What is the Media Spending Influence tool?
The Media Spending Influence tool is an interface for media that doesn’t have a business manager (such as Meta Business for instance). That is the case of Influence.
Without a business manager, it is impossible for Quantic Factory to collect influence data automatically through an API. The data collection has to be done manually. This is what the Media Spending Influence tool is for.
We can only measure paid influence (influencers you paid to make content about your products), not organic influence. Two methods can be used to measure paid Influence:
through an UTM analysis, if there is a link in the influencer’s content that we can track,
through promo codes (you give a discount, through specific promo codes, to people seeing the influencer’s content). Thanks to the Media Spending Influence tool, we can include promo codes in customer journeys. This is a unique feature that brings insights into influence attribution.
Where to find the Media Spending Influence tool?
The Media Influence tool is located in the Parameter menu, in Quanticfy.
How to upload your data?
Step 1: put together your promo code data
We need your promo code data to be uploaded following this structure: one column for the cost, one for the date (DD/MM/YYYY format), and one column for the promo code. It should look like this:
You can download a valid example and an invalid example from the Media Spending Influence tool page. We accept data as .csv, .xlsx, or .xls files.
Step 2: Upload your file
Once your file is ready, click on Upload the Cost and choose the file from your device.
Our tool will check if the data submitted has the right format. If not, you will be able to see, in red, which cells are causing the problem. From there, you have the possibility to edit your data directly in the interface.

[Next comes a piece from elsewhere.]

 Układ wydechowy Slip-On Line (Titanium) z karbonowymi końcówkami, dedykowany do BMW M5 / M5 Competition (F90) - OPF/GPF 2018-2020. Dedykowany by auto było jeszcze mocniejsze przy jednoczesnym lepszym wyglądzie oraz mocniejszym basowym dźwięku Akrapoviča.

You can also add new lines of data.
When all is in order, press Next.
The last step is column-name and content verification. To do so, we ask you to confirm which column of your file matches the date, cost, and promo code information.
Once this is done, you can click on Submit.

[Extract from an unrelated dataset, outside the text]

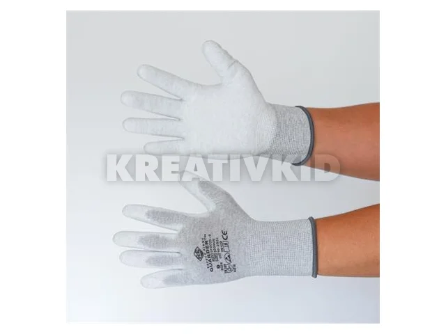 Védőkesztyű, karbonszálas, PU tenyerén mártott, M méret, fehér-szürke

Precisions about your data
Empty values will not be accepted
Use a dot (.) and not a coma (,) for the decimal values (cost column)
The data you submit through the Media Spending Influence will be displayed in a few minutes in the “My uploaded costs” section rig. Then this data will be integrated into your dashboards the next day. For the upload of your data to be successful, each promo code must have only one cost per date. If the same promo code appears several times for the same date, it will cause issues preventing us from properly processing your influence data.
If you submit a file with multiple lines for the same promo code on the same day, one of these lines will be randomly picked as a reference and others will be ignored
If you submit the same promo code for the same dates with several cost values (for instance you first upload PROMO65 with a $20 cost on the 1st of February, then upload another file containing PROMO65 with a $30 cost on the 1st of February), we will only keep the value of the latest data. In this case, the PROMO65 promo code will be considered to cost $30. The latest cost value will erase and replace the previous value (here, $20).
How to delete your data?
If you want to clear your cost history, you may use two methods:
the Delete Costs form
uploading a new file with 0 values
The Delete Costs form (right under the uploaded cost table, on the Media Spending Influence page) is an easy way to clear everything between two dates. Pick a start and end date, and click Delete. Note that the days are included ( [from, to] ).
You may also upload a file cost with zero values. If you want to erase the existing cost for PROMO65 on the 1st of February, create a file with one line containing the following information:
Tips for your business
If your business relies a lot on Influence (more than 20% of your sales), we recommend you switch to another attribution model.
Quantic Factory uses a 7 days time decay attribution model by default (shown in the table below). In this model, hits are not weighted the same depending on when they occurred. This is relevant for most ad attribution through UTMs: ads seen (or clicked on) a week before the sale are considered less important for attribution than ads seen (or clicked on) the same day of the order.
This model is not suitable for Influence.
It makes promo codes overweighted in the attribution, as they are always used on day 0 (the day of the sale), with no prior appearances in the customer journey. This creates a recency bias that we can eliminate by switching to a flat attribution model. In this model, the coefficient for all days (D0 to D7) is 1:
To request an attribution model change, please open a ticket (using our chatbot).